两块玉佩拼在一起,严丝合缝。老妪抹了把泪,将她拉进屋里:“十年了,总算有人来了……”

原来老妪是原主母亲的奶娘,当年冤案事发,她带着半块玉佩和年幼的孙子逃到此处。而那青衫男子,正是原主失散的表哥,这些年一直在暗中追查真相,《江山万里图》的绣样,本是原主母亲特意画给女儿的,藏着白虎党被诬陷的证据,以及当年参与构陷的官员名单。

“银线绣的地方,不止有名单。”老妪从炕洞里摸出个陶罐,倒出半碗米醋,“还有紫宁宫许公公的把柄,他当年收了贿赂,调换了关键证词。”

青禾乐将《江山万里图》铺开,用棉布蘸着米醋轻轻擦拭桥边的银线。随着醋液晕开,原本模糊的银线渐渐显露出乌黑的字迹,密密麻麻列着人名,最后一行赫然写着:“紫宁宫许,藏于佛龛暗格。”

她正看得心惊,院外突然传来马蹄声,老妪脸色骤变:“是他们来了!”说着将她推向里屋的地窖口,“从密道走,直通后山,到了山上找穿灰袍的道士,他会带您去紫宁宫!”

地窖门刚关上,就听见屋门被踹开的巨响,有人厉声喝问:“搜!仔细搜!”

青禾乐蜷缩在黑暗里,听着上面的翻箱倒柜声,手指紧紧抠着怀里的《江山万里图》。地窖外传来老妪的痛呼,接着是孩童的哭喊,她攥紧短刀,指甲几乎嵌进肉里,这趟浑水,她终究是躲不掉了。

不知过了多久,上面没了动静。青禾乐推开地窖门,见屋内一片狼藉,老妪倒在血泊里,手里还攥着那支木簪。她咬着牙将老妪安葬,又把吓得瑟瑟发抖的孩童托付给邻人,最后看了眼那半张绣样,转身走进密道

密道尽头的微光里,没有任何人,青禾乐抱紧闸盒,走出密道。

山风穿过松林,吹得道袍猎猎作响。青禾乐回头望了眼山下的炊烟,将《江山万里图》裹得更紧了些。紫宁宫的方向,云色沉沉,像一张等着收网的巨网。

明日,青禾乐再次来到怀敏寺

“大人,您这是要往何处去?”

青禾乐猛地回过神,见一名僧人正望着自己,便上前拦住,说明来意。周遭游客熙攘,人声嘈杂,僧人只道:“施主请随我来。”

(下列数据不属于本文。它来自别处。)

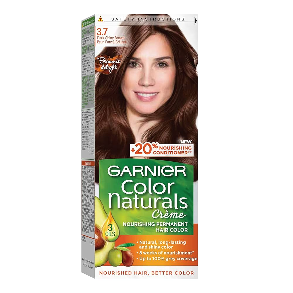 Garnier Color Naturals 4.7 - Dark Shiny Brown is a permanent hair colorant that offers up to 100% grey coverage. Enriched with nourishing ingredients like avocado oil, olive oil, and shea butter, it ensures your hair remains healthy and vibrant even after coloring. Experience a natural, long-lasting color that enhances shine and hydration.
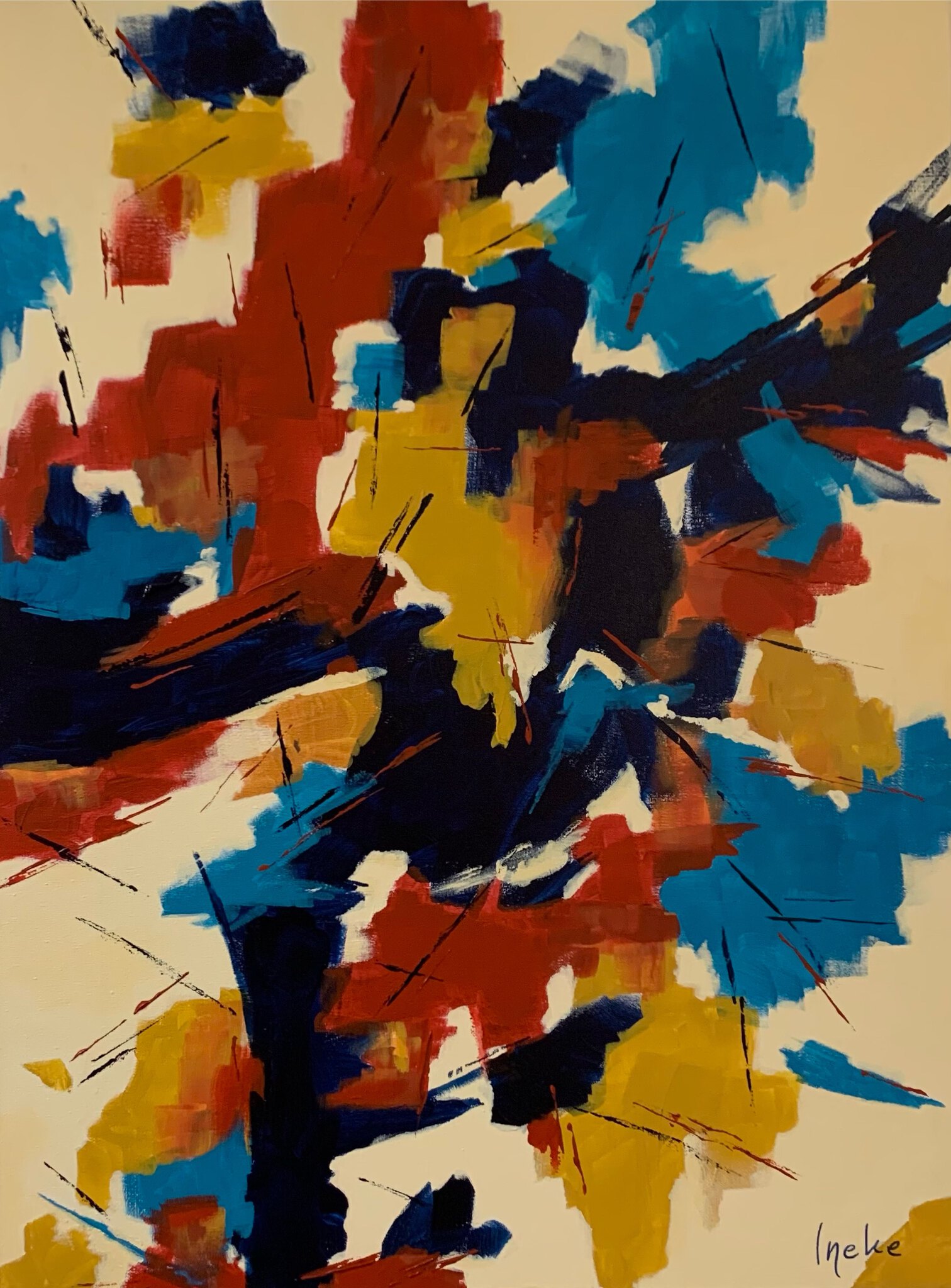 Ik schilder abstract of semi-abstract, experimenterend met kleuren, lagen en imperfectie. Kleuren drukken emotie uit en zijn heel persoonlijk. Acryl of mixed-media.

他引着青禾乐转到后院,喧闹声依旧未歇。不知青禾乐说了些什么,僧人连连点头。片刻后,塔内走出一位老方丈,几番确认过后,将手中的木盒递给她。青禾乐道了谢,转身离去时,望着远方天际,眼神里藏着几分不明的思绪。

“大人,您这是要往何处去?”

她再次回神,身边多了个好奇张望的孩童。青禾乐问:“可知紫鸣宫怎么走?”

孩童脆声道:“穿过一片竹林,翻过几座山,走过一间寺庙,就到啦。”

“多谢。”

竹林浓荫如盖,抬头难见天日。青禾乐走在石子路上,远远望见自家门口站着几位白衣少年,村民们围着他们,眼神里满是好奇。不知少年们说了些什么,村民们忽然齐齐朝她看来。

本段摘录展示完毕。